Step Df Deviance Resid. Df Resid. Dev AIC
1 21 1934.712 122.0501

According to forward selection, all the 4 variables are included in the model.

3) We can check the coefficients and the associated p values for each of the predictors using summary function

Call:
lm(formula = Sales ~ ., data = InputData)

Residuals:
Min 1Q Median 3Q Max
-19.0848 -5.9771 0.8958 6.5712 14.7982

Coefficients:
Estimate Std.
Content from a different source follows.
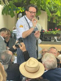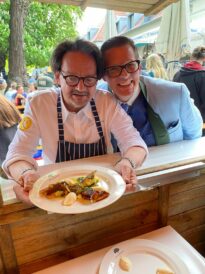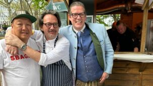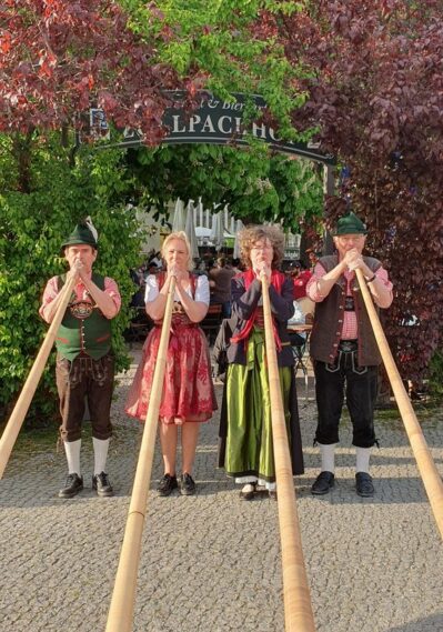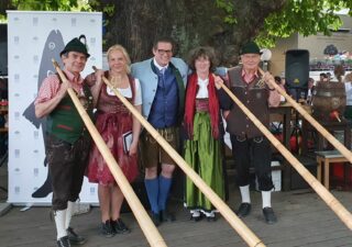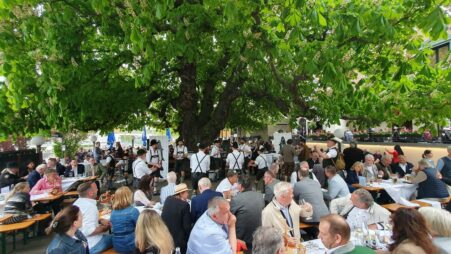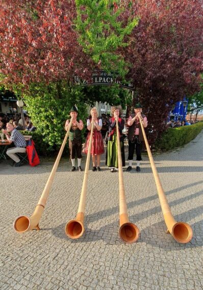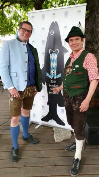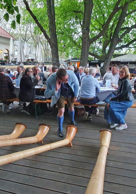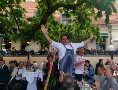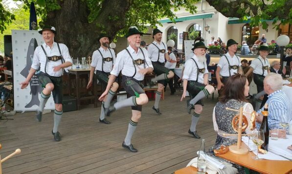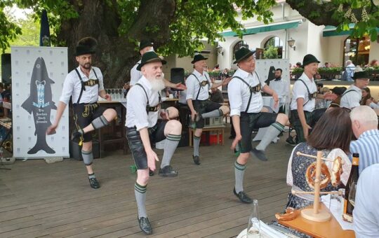 Bevor es frisch gezapftes Augustiner Helles vom Holzfass gab und die würzige Makrele auf den Tisch kam, ließen die FeschenFischFreunde den Spitzenkoch Kolja Kleeberg hochleben, der am selben Tag seinen Geburtstag feierte. Mit stimmungsvoller Blasmusik wurde der Abend von den „SpreeBlech“-Musikanten, einer Gruppe spielfreudiger Blechbläser aus der Spreemetropole, musikalisch umrahmt. Highlight des Abends waren jedoch die Schuhplattler-Einlagen der Berliner Querplattler. Die Gäste waren begeistert von dem Berliner Steckerlfischfest, unter der prächtigen uralten Kastanie, bei angenehmen Frühlingswetter. Geschäftsführer Benjamin Groenewold, im zünftigen Bayern-Outfit, zeigte sich äußerst zufrieden. Im nächsten Jahr heißt es dann sicherlich wieder „Es ist wieder soweit, frisch gegrillter Steckerlfisch, typisch bayrisch, traditionell im Biergarten des Zollpackhofs“.

Error t value Pr(>|t|)
(Intercept) 178.3428 12.9522 13.769 5.54e-12 ***
AdvDollars 1.8046 1.0804 1.670 0.110
NoOfAccounts 3.3178 0.1628 20.381 2.57e-15 ***
NoOfCompetitors -21.1853 0.7874 -26.904 < 2e-16 ***
MarketPotential 0.3240 0.4675 0.693 0.496
---
Signif. codes: 0 ‘***’ 0.001 ‘**’ 0.01 ‘*’ 0.05 ‘.’ 0.1 ‘ ’ 1

Residual standard error: 9.598 on 21 degrees of freedom
Multiple R-squared: 0.9892,   Adjusted R-squared: 0.9871
F-statistic: 479.7 on 4 and 21 DF, p-value: < 2.2e-16

F statistic is significant which means overall the model is better than a null model.
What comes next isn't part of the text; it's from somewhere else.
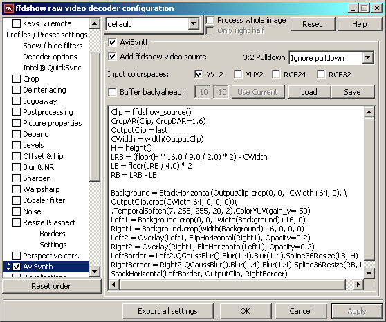 Code:function QGaussBlur(clip v) { return v\ .BilinearResize(max(16, floor(float(width(v)) / 100.0 / 2.0) *2), max(16, floor(float(height(v)) / 100.0 / 2.0) * 2))\ .GaussResize(v.width, v.height, p=19) }Code:Clip = ffdshow_source() CropAR(Clip, CropDAR=1.6) OutputClip = last CWidth = width(OutputClip) H = height() LRB = (floor(H * 16.0 / 9.0 / 2.0) * 2) - CWidth LB = floor(LRB / 4.0) * 2 RB = LRB - LB Background = StackHorizontal(OutputClip.crop(0, 0, -CWidth+64, 0), \ OutputClip.crop(CWidth-64, 0, 0, 0))\ .TemporalSoften(7, 255, 255, 20, 2).ColorYUV(gain_y=-50) Left1 = Background.crop(0, 0, -width(Background)+16, 0) Right1 = Background.crop(width(Background)-16, 0, 0, 0) Left2 = Overlay(Left1, FlipHorizontal(Right1), Opacity=0.2) Right2 = Overlay(Right1, FlipHorizontal(Left1), Opacity=0.2) LeftBorder = Left2.QGaussBlur().Blur(1.4).Blur(1.4).Spline36Resize(LB, H) RightBorder = Right2.QGaussBlur().Blur(1.4).Blur(1.4).Spline36Resize(RB, H) StackHorizontal(LeftBorder, OutputClip, RightBorder)

The variables AdvDollars and MarketPotential are not statistically significant. NoOfAccounts and NoOfCompetitors are significant variables.

The regression equation will be:

Sales = 178.3428 + 1.8046*AdvDollars +3.3178*NoOfAccounts - 21.1853*NoOfCompetitors + 0.3240*MarketPotential

4) Interpretation of cofficients is as follows:

For every added account, Sales increase by 3.3178 thousands of dollars

For every comeptitor added, Sales goes down by 21.18 thousands of dollars.